UNITED STATES DISTRICT COURT NORTHERN DISTRICT OF OHIO EASTERN DIVISION
May 16, 2019
CASE NO. 1:19 CV 994 (N.D. Ohio May. 16, 2019)

Opinion

CASE NO. 1:19 CV 994

05-16-2019

JODI FLEMING, Plaintiff, v. OHIO BELL TELEPHONE CO., et al., Defendants.


MEMORANDUM OF OPINION AND ORDER

Pro se Plaintiff Jodi Flemming filed this action in the Cuyahoga County Court of Common Pleas against the Ohio Bell Telephone Company ("Ohio Bell") and Ohio Bell Executives and Employees. She claims she was wrongfully terminated from her employment in 2013, in violation of the Americans with Disabilities Act ("ADA"). The Defendants removed the case to Federal Court and filed a Motion to Dismiss and a Motion for Sanctions. Defendants contend this is the fifth lawsuit Plaintiff has filed pertaining to her employment termination. In her last case filed in this Court, Plaintiff was notified that if she filed another action related to her termination from Ohio Bell, she could be sanctioned. Defendants ask that this case be dismissed on grounds of res judicata and sanctions be imposed against Plaintiff.

I. BACKGROUND

Plaintiff was employed by Ohio Bell in Cleveland, Ohio. On November 8, 2012, Ohio Bell placed her on Disability Leave of Absence ("DLOA") while she was receiving treatment for her back, shoulders, and hands. She also indicates she was receiving mental health treatment. She states that sometime after this occurred, she called the Human Resources One Stop line to ask a question and was informed that it was "illegal" for her to be on DLOA while she was also on medical leave. She was removed from DLOA and terminated from her employment.

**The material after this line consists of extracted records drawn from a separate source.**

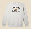 For more than a century, travelers through the high desert have sworn they’ve seen strange orbs of light dancing on the horizon. Some call them headlights, some say mirages - locals know them as the Marfa Lights. This crewneck is our nod to those sightings: a mid weight fleece stamped with Take a Trip and Marfa C.C., with a UFO emblem at center. Built like the classic warm-up gear of a country club that never quite existed - unless you’ve been out under those lights long enough to believe it.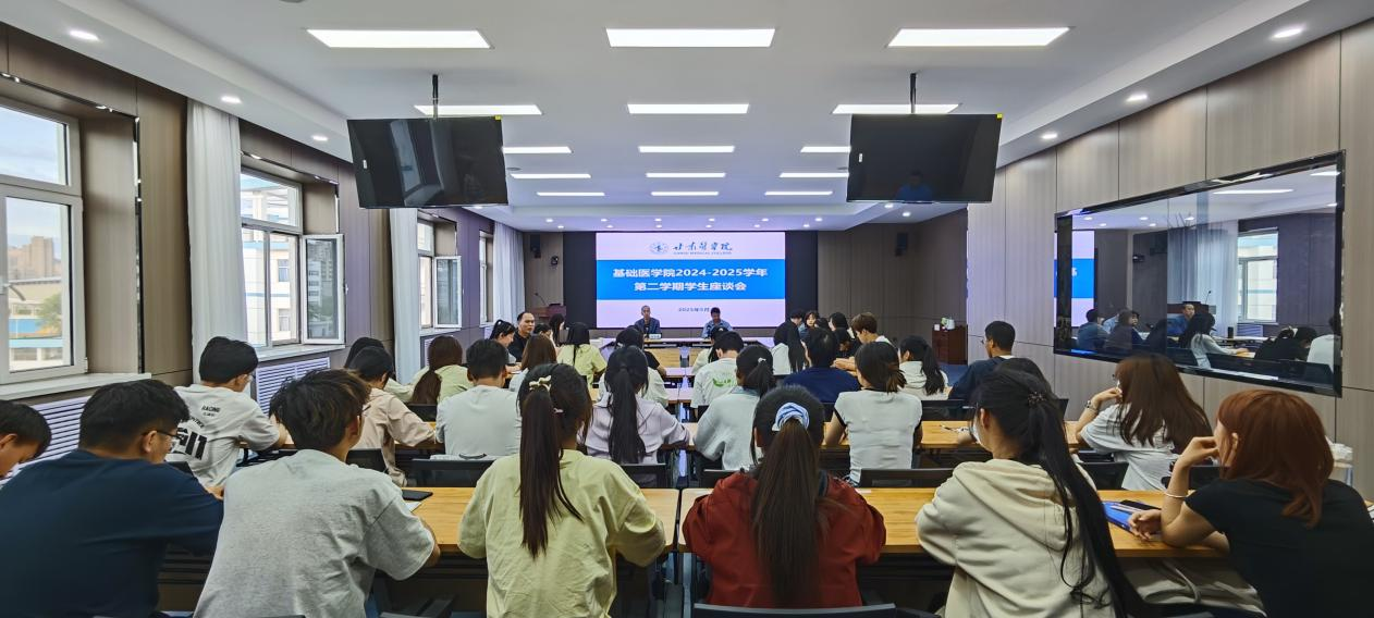 5月29日晚,基础医学院在教师发展中心召开2024-2025学年第二学期学生座谈会。学院党总支书记雷世鑫、副院长李红恩,学生科、教务科负责人及相关老师与37名学生代表进行广泛交流,助力学生成长,共谋学院发展。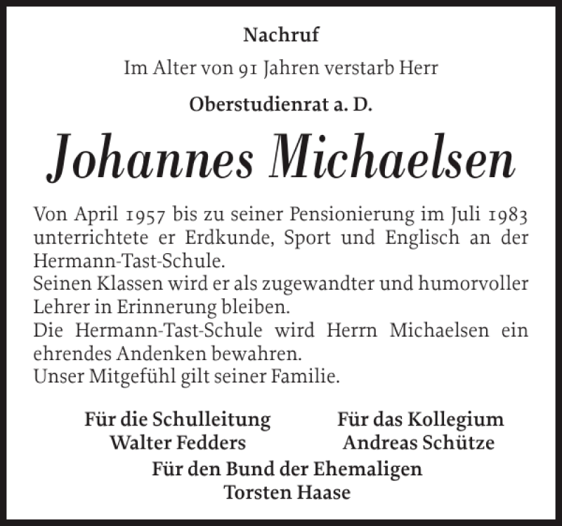 Hier finden Sie alle Traueranzeigen aus der Zeitung, die bisher für Johannes Michaelsen erschienen sind. Weitere Traueranzeigen, die in der Zeitung erscheinen, werden hier ebenfalls aufgelistet

Plaintiff has filed five charges with the United States Equal Employment Opportunity Commission and six lawsuits in state and federal court pertaining to this incident. Her first lawsuit was filed in this federal court against Ohio Bell on January 26, 2016. See Fleming v. Tench, No. 1:16 CV 185 (N.D. Ohio Apr. 25, 2016)(Gaughan, J.). She voluntarily dismissed that case on April 25, 2016.

Plaintiff filed her second lawsuit in this Court against her union and union officials complaining of her employment termination by Ohio Bell. See Fleming v. Hogan, No. 1:16 CV 688 (N.D. Ohio Apr. 18, 2016)(Gaughan, J.). That action was dismissed on the merits under 28 U.S.C. § 1915(e).

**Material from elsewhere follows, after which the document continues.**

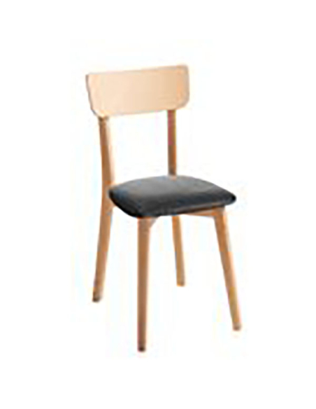 Silla de cocina modelo Zaida con estructura en madera de haya color natural y asiento en polipiel en acabado a elegir entre la tabla de acabados.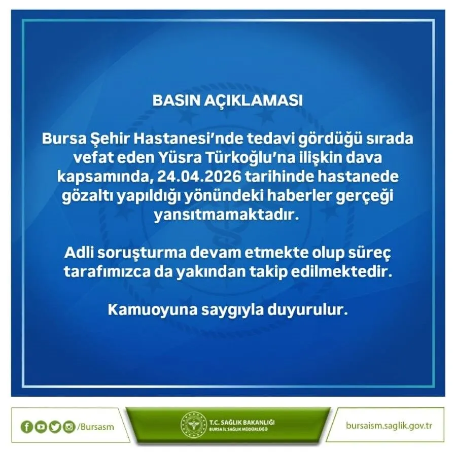 Bursa İl Sağlık Müdürlüğü, Bursa Şehir Hastanesi’nde yaşanan ve kamuoyuna yansıyan vefat olayıyla ilgili basında çıkan iddialara açıklık getirdi. Hastanede tedavi gördüğü esnada hayatını kaybeden Yüsra Türkoğlu’na ilişkin yürütülen dava süreci kapsamında, bazı mecralarda yer alan “hastanede gözaltı yapıldı” şeklindeki haberlerin asılsız olduğu belirtildi. 24 Nisan 2026 tarihinde gerçekleştiği öne sürülen bu gözaltı iddialarının hiçbir şekilde gerçeği yansıtmadığı vurgulandı.

Ten days after her second lawsuit was dismissed, Plaintiff filed her third lawsuit. This one named Ohio Bell as the Defendant, but it was based on the same facts pertaining to her employment termination. See Fleming v. Ohio Bell Tel. Co., No. 1:17 CV 898 (N.D. Ohio June 14, 2017)(Polster, J.). This lawsuit was dismissed on the merits in June 2017. At that time, this Court recognized Plaintiff as a vexatious litigant and enjoined her from filing any new lawsuits without first seeking and obtaining leave of court. Id.

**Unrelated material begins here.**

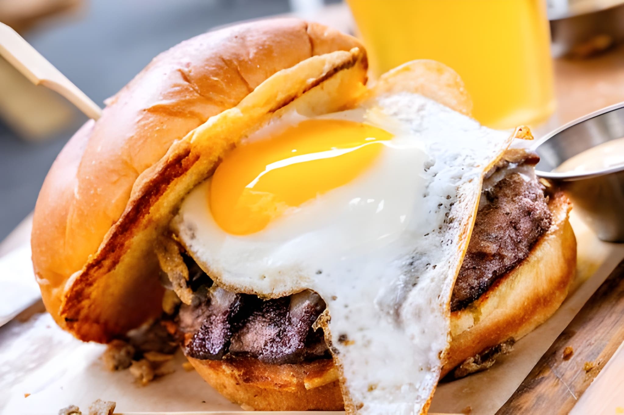 Double Juicy Smashed Steak Patties, Fried Egg, Cheese, Lettuce, Tomato, Onion, Pickles, and our Signature Burger Sauce

Just over two months later, Plaintiff filed another lawsuit against Ohio Bell challenging her firing. See Fleming v. Ohio Bell Tel. Co., No. 1:17 CV 1815 (N.D. Ohio June 21, 2018)(Boyko, J.). This time, Plaintiff retained an attorney and obtained leave to file the case. It was dismissed, however, on the grounds of res judicata. In the dismissal Order, Judge Boyko acknowledged this Court's prior finding that Plaintiff was a vexatious litigant and addressed Ohio Bell's request for monetary sanctions stating:

Defendant contends that monetary sanctions are the only way to stop Plaintiff from engaging in vexatious litigation going forward. However, since the Court dismisses this action with prejudice, Plaintiff is barred from re-litigating this case a fifth time. Therefore, the Court declines to impose monetary sanctions on Plaintiff at this time. However, should Plaintiff file another lawsuit addressed by this Court's imposition of conditions as stated in this Order, Plaintiff may be ordered to pay attorney's fees and costs covering Defendant's Motion to Dismiss in this case, as well as the new filing.
Id.

Undeterred, Plaintiff filed two more cases against her union and Ohio Bell in the Cuyahoga County Court of Common Pleas. Her fourth lawsuit, Fleming v. Shelton, No. CV-19-913062 (Cuyahoga Cty Ct. Comm. Pl. filed Mar. 27, 2019) is still pending. Her fifth lawsuit began as Fleming v. AT&T Corp., No. CV-19-913317 (Cuyahoga Cty Ct. Comm. Pl. filed Apr. 2, 2019) and was removed as this case to federal court as this case.

II. STANDARD OF REVIEW

When deciding a Motion to Dismiss under Federal Civil Rule 12(b)(6), the function of the Court is to test the legal sufficiency of the Complaint. See Mayer v. Mulod, 988 F.2d 635, 638 (6th Cir. 1993). The Supreme Court in Bell Atl. Corp. v. Twombly, 550 U.S. 544, 555 (2007) and recently in Ashcroft v. Iqbal, 556 U.S. 662, 677-678 (2009) clarified the law regarding what the Plaintiff must plead in order to survive a Motion to Dismiss under Rule 12(b)(6).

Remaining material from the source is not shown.